## Activity
Among the records below, find the lines that contain "کرمان" and copy each of them.

## Records for the task
[Start of section]
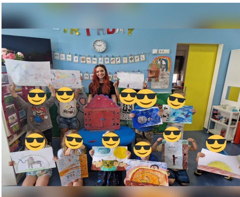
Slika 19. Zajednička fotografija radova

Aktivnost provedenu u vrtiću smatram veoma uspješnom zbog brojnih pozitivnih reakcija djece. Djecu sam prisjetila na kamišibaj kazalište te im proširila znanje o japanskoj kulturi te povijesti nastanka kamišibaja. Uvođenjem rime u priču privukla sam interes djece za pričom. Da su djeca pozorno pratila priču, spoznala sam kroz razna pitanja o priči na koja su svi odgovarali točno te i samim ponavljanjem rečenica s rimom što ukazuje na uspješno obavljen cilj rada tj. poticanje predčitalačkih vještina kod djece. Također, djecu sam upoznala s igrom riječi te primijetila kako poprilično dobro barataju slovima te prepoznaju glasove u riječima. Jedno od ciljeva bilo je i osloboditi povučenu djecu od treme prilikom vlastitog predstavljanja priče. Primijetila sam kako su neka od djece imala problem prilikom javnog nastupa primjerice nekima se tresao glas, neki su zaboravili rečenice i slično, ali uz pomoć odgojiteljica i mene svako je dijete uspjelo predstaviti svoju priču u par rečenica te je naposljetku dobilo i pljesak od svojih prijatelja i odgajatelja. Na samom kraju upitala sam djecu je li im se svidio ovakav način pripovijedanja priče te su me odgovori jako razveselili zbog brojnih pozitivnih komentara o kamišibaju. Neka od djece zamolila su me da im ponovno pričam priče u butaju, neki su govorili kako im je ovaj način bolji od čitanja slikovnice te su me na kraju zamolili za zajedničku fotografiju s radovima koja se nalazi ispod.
[End of section]
[Start of section]
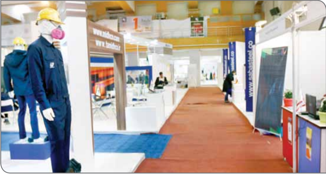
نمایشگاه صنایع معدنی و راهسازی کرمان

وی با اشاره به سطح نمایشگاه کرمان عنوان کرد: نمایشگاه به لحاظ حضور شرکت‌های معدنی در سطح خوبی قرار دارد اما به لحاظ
[End of section]
## Task solution
نمایشگاه صنایع معدنی و راهسازی کرمان
وی با اشاره به سطح نمایشگاه کرمان عنوان کرد: نمایشگاه به لحاظ حضور شرکت‌های معدنی در سطح خوبی قرار دارد اما به لحاظ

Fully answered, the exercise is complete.